4.8.06

Melancholy

Kendine gömülmek
İçselleştirmek herşeyi
Özsaygıyı yitirmek
Çaresizliği idrak etmek
Tüm bunları kişilik haline getirmek
Saplantılarından kurtulamamak
Tüm mekanizmalarını çalıştırabilmek savunmalarının
Güvenini kaybetmek
Karamsarlık süngerin suyu çektiği gibi
işlemiş ruhuna
Melankolizm!
Tek gerçekliğim sensin.

Düşünülenlerin az çok farkındayım, sıkıcı olduğunu da biliyorum. Defter arası notlar çıkıyor karşıma, çizgili kağıtlarım haksızlığa uğradığını düşünüyor olabilirler hak veriyorum onlara. Benim defterim olmak da zor. Tüm pembe yanlarına rağmen benim blogumda 5 dakikadan fazla kalamayanlar da haklı. Ve ben de haklıyım. Belki aklınızdan geçiyordur diye söylüyorum Nasreddin Hoca da haklıydı...

O kadar sıradan şeylere sıradışı tepkiler veriyorum ki şaşıyorum bendeki bu potansiyele. Bir özeleştiri kıvamına getirecek olursam: Hatalıydım birçok şeyde. Profesyonel davranamadığım için üzgünüm.

0/0 belirsizliği ve sonsuz ihtimaller denizinde boğulurken ben, kendimi sabah 9 - akşam 6 ve öğle tatili döngüsünde bulmak istemiyorum. Lanet olası bir okulun öğrenci işleri memuresi olmak da (!) ya da hergünü neden burda olduğumu sorgulayarak geçirdiğim bir ortamda bulunmak istemiyorum.

Yapacak çok fazla birşey yok. Vardı... artık yok.
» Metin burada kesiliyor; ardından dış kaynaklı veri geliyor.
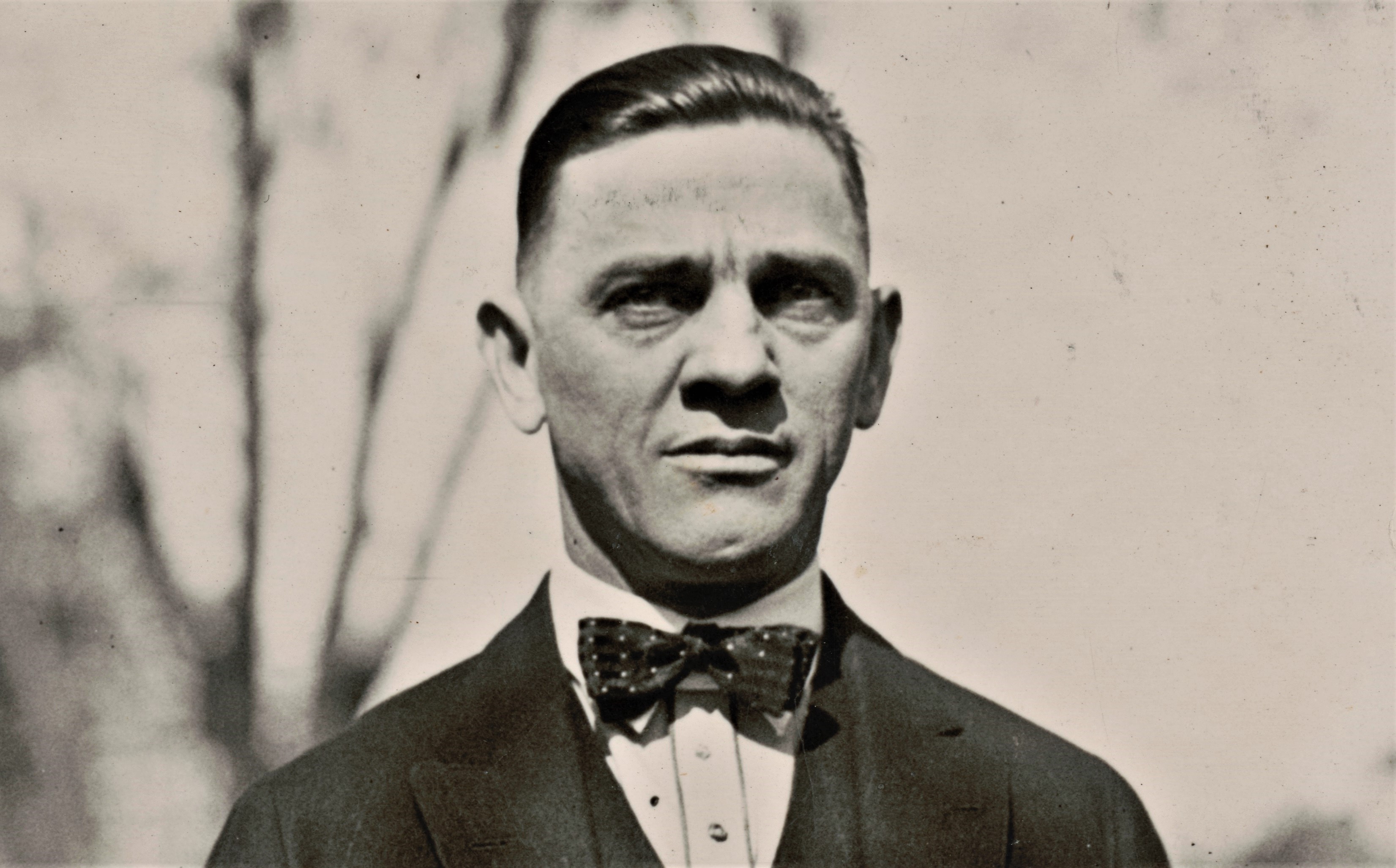 Toward nine o’clock I saw, standing near the railroad track, a middle-sized man of age about twenty-two. Although this man was alone, he was continually smiling. When he moved, his vest was displaced and exposed two Smith & Wesson revolvers, one stuck into each side of his trousers; A coal digger introduced him as Chief of Police Sid Hatfield.

Gereğinden fazla düşündüğümü gereksiz üzüldüğümü söyleyecek birkaç kişi var. Düşünmemek için elimden geleni yaptığımı bilmenizi isterim. Ve şunu da bilmelisiniz aklımın tekleyen bir makina kıvamına geldiğini hissediyorum. :)

Not: Bir önceki posttaki kadar kötü değilim.

Dip Not: Melankoli yetişir imdada...

Edit: Sahip olduğum şeylere değer vermeyi öğrenmeden mutlu olamayacağım sanırım.